Running Python Services with ElizaOS

docker-compose.yml
version: "3.8"

services:
  eliza:
    image: elizaos/eliza:latest
    ports:
      - "3000:3000"
    environment:
      - DATABASE_URL=postgresql://postgres:password@db:5432/eliza
    depends_on:
      - db

  python-service:
    build: ./python-service
    ports:
      - "5000:5000"
    environment:
      - ELIZA_URL=http://eliza:3000
    depends_on:
      - eliza

  db:
    image: postgres:15
    environment:
      - POSTGRES_PASSWORD=password
      - POSTGRES_DB=eliza
python-service/Dockerfile
FROM python:3.11-slim

WORKDIR /app

COPY requirements.txt .
RUN pip install --no-cache-dir -r requirements.txt

COPY . .

CMD ["gunicorn", "--bind", "0.0.0.0:5000", "app:app"]

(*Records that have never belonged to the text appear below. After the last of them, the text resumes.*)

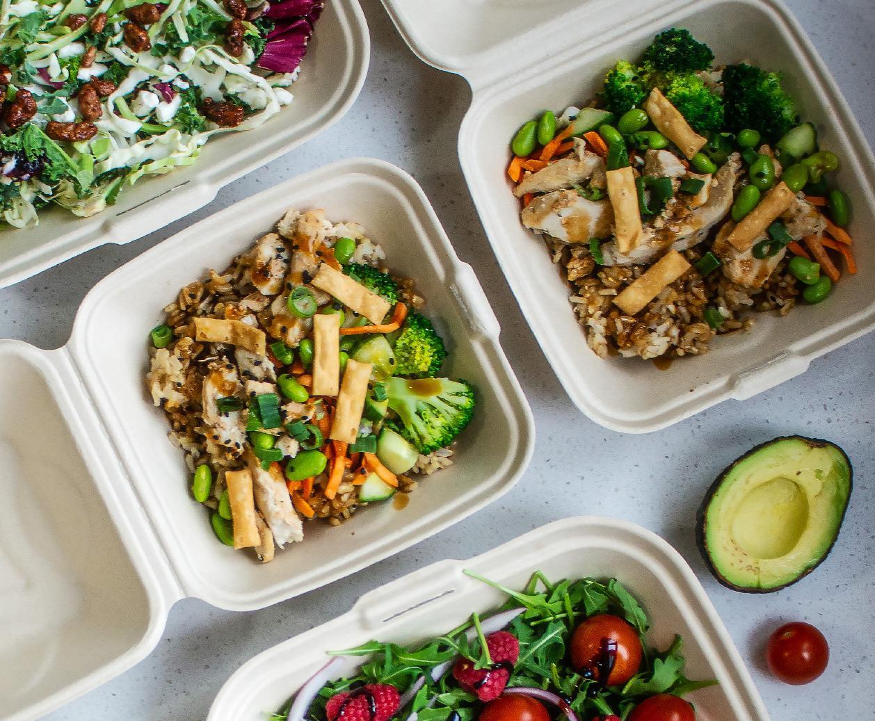 Contenant à charnière carré 8 po en bagasse mixte 3 compartiments
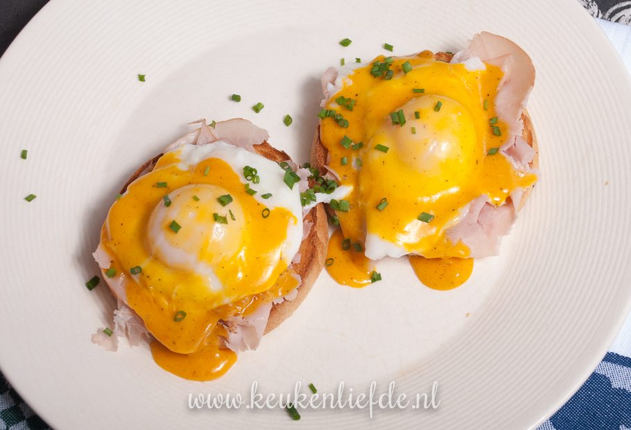 Mijn meest favoriete ontbijt- of lunchgerecht met ei zijn de Amerikaanse eggs benedict: een opengesneden geroosterd muffinbroodje belegd met ham of bacon, twee gepocheerde eieren en rijkelijk overgoten met hollandaise-saus. VerrukGeluk ten top!
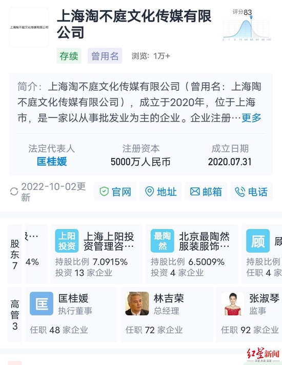 据悉,淘不庭是张庭和陶虹合资成立的公司。不过,2021年7月,该公司进行了名称变更,从陶不庭变为淘不庭。此后的11月15日,该公司发生了一次投资人(股权)变更,陶虹退出。不过,其百分百持股的最陶然依然位列股东名单。张庭担任法定代表人的上海胜极生物科技有限公司持有该公司83%的股份。
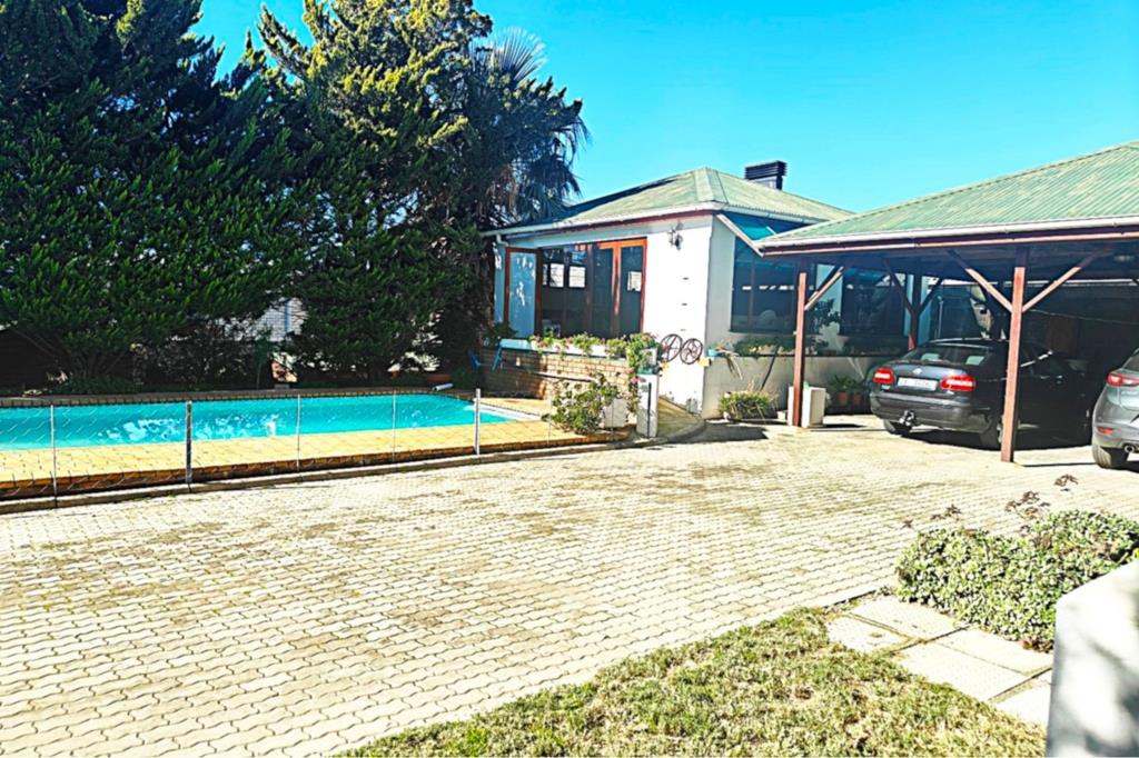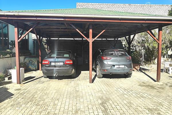 Additional features include double garages, a double carport, ample visitor parking behind an automated access gate, and two Wendy houses for storage. A chicken coop, vegetable garden, almond and lemon trees, and a manual irrigation system enhance the outdoor offering. The property is fully walled, secured with burglar bars and gates, and includes a separate back courtyard and external laundry room with shelving and cupboards. Air conditioning and ceiling fans with pre-paid power.
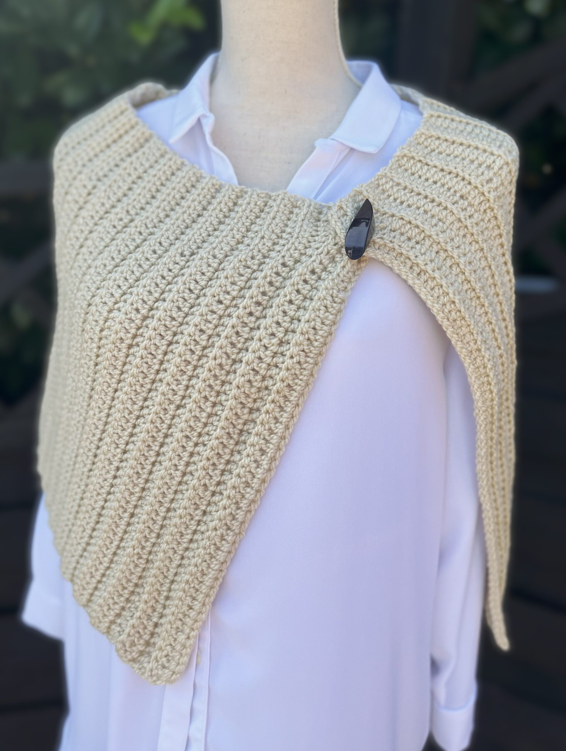Pončo Liora je ročno kvačkan iz mehke preje v brezčasnem bež odtenku, ki se odlično ujema z vsako garderobo. Elegantna asimetrična oblika in izrazita rebrasta tekstura pončotu dodajata sodoben videz, okrasni gumb pa ga drži na mestu in hkrati služi kot modni detajl.
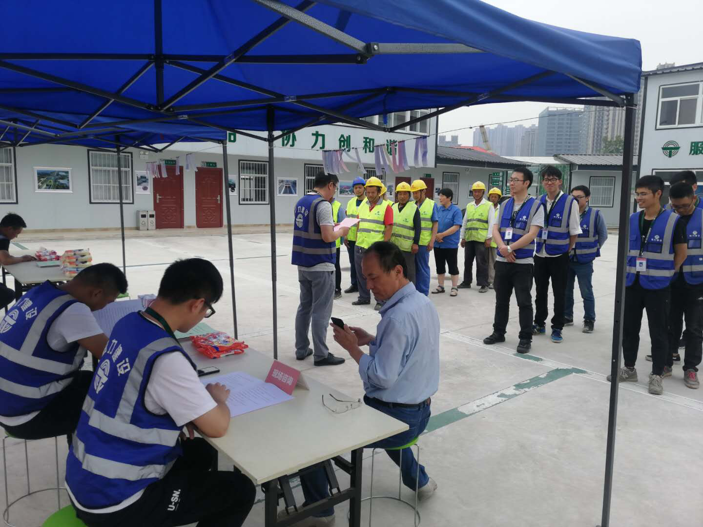 ★施工人員排隊(duì)參與現(xiàn)場(chǎng)宣傳活動(dòng)
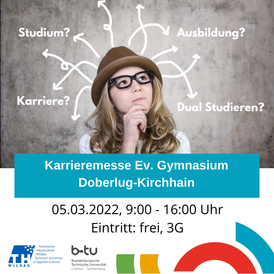 Der Seminarkurs Politische Bildung der 12. Klasse des evangelischen Gymnasiums Doberlug-Kirchhain haben eine Karrieremesse für Schülerinnen und Schüler organisiert. Wir sind vor Ort dabei und stehen Euch zu allen Fragen rund ums Studium zur Verfügung. Schaut doch einfach mal vorbei. Ihr habt die Möglichkeit, mit zahlreichen Unternehmen der Region in Kontakt zu treten und Euch umfassend zu Ausbildungs- und Studienmöglichkeiten zu informieren.
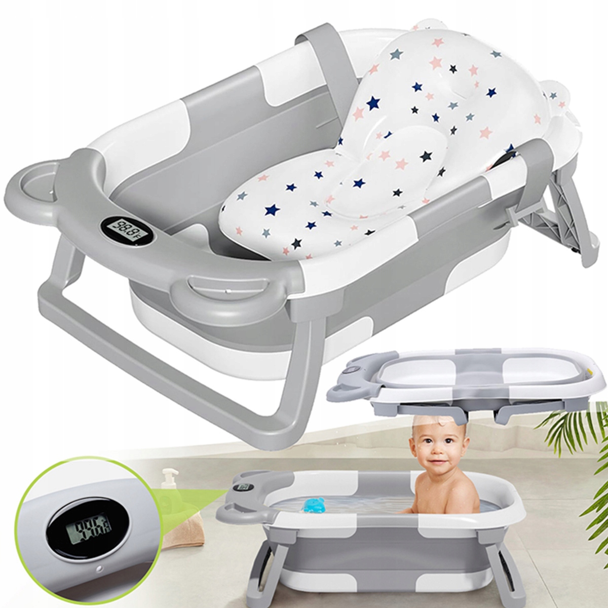 Складена дитяча ванна 0-15 місяців з термометром і плаваючою килимкою для ванни, портативною дитячою ванною, безпечною для дітей, ванною для подорожей, розміщенням, сидячи або лежачи, стабільна та проти ковзання, дуже великі і товсті 67 х 42 х 21 см, сірий 1>
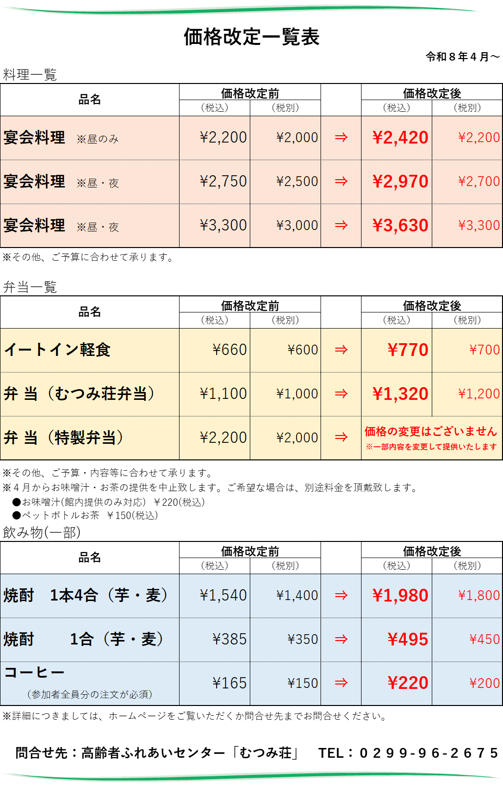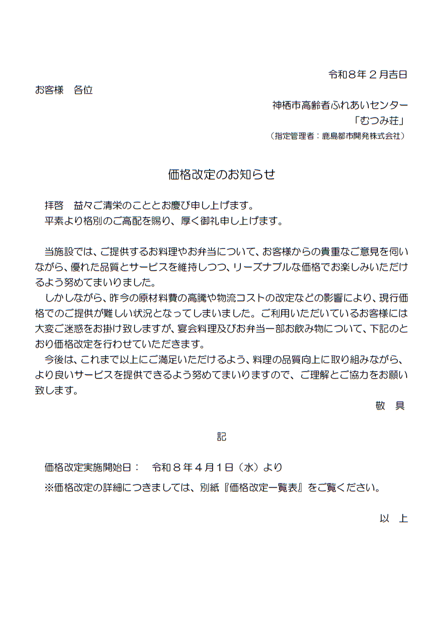 令和8年4月より ~価格改定のお知らせ~ 2026.02.24 Tweet Share Hatena Pocket RSS feedly Pin it Tweet Share Hatena Pocket RSS feedly Pin it 2026年 ~2月 献立のお知らせ🌸~前の記事
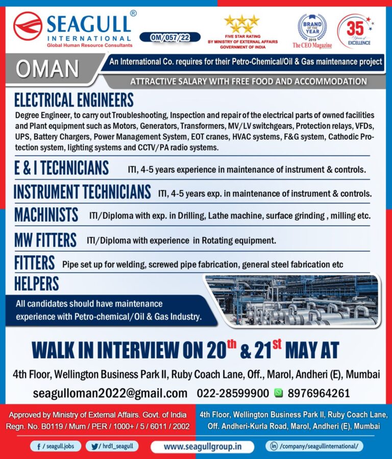 An International Co. requires for their Pietro-Chemical Oil & Gas maintenance projectOMANATTRACTIVE SALARY WITH FREE FOOD AND ACCOMMODATIONELECTRICAL ENGINEERSDegree Engineer, …
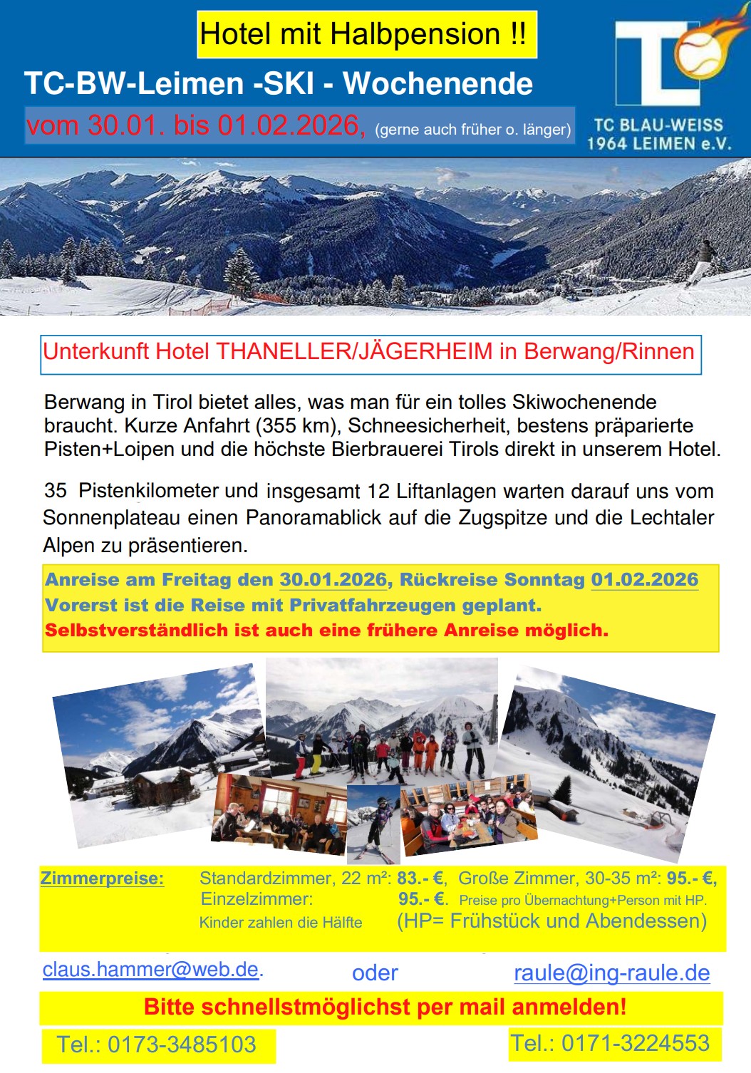 | 30. Januar - 1. Februar | Skiwochenende in Berwang |
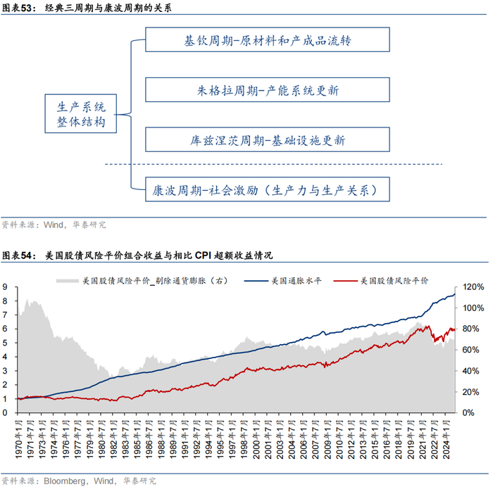 对美国财政问题的担忧实际上也是对美元信用问题的担忧,这其实是康波周期下行带来的主要问题。基钦周期、朱格拉周期、库兹涅茨周期其实都是描述信用的需求周期,周期的生成机制都是供给和需求的错位,利率在经典三周期框架下与经济活跃程度正相关。而在描述康波周期时,康波周期的方向与利率负相关。在康波周期的上行期,经济各部门的债务偿还能力是不断提升的,债务规模的扩张速度是慢于生产力的提升速度的,因此信用成本不断下降,反映在利率上,就是长期利率中枢不断下行。在康波周期的下行期,债务规模过大,债务的持续性存疑,经济增长已经无法支撑债务增长,经济系统各部门的偿债能力下降,信用成本开始上升,导致利率长期中枢上行。与之伴随着可供观测的指标是信用资产的收益表现与通胀的关系。股债风险平价组合可以作为信用资产组合的代表,当其收益超越通胀时,说明信用资产的利润可以维持债务扩张,经济活动反应在资产价格上是有超额利润的,当其收益低于通胀时,说明信用资产无法产生超额利润,自然将制约债务的扩张能力。

Troubleshooting Python Integration

Common Issues and Solutions

  1. Connection Refused

    # Check if ElizaOS is running
    try:
        response = requests.get("http://localhost:3000/api/health")
        print(f"ElizaOS status: {response.json()}")
    except requests.exceptions.ConnectionError:
        print("ElizaOS is not running. Start with: bun start")
  2. Authentication Errors

    # Some endpoints require authentication
    headers = {
        "Authorization": f"Bearer {your_api_key}",
        "Content-Type": "application/json"
    }
  3. Encoding Issues

    # Handle Unicode properly
    response = requests.post(
        url,
        json=data,
        headers={"Content-Type": "application/json; charset=utf-8"}
    )

Next Steps

Remember: You don't need to rewrite ElizaOS in Python. Use Python for what it excels at while leveraging ElizaOS's agent capabilities through its APIs.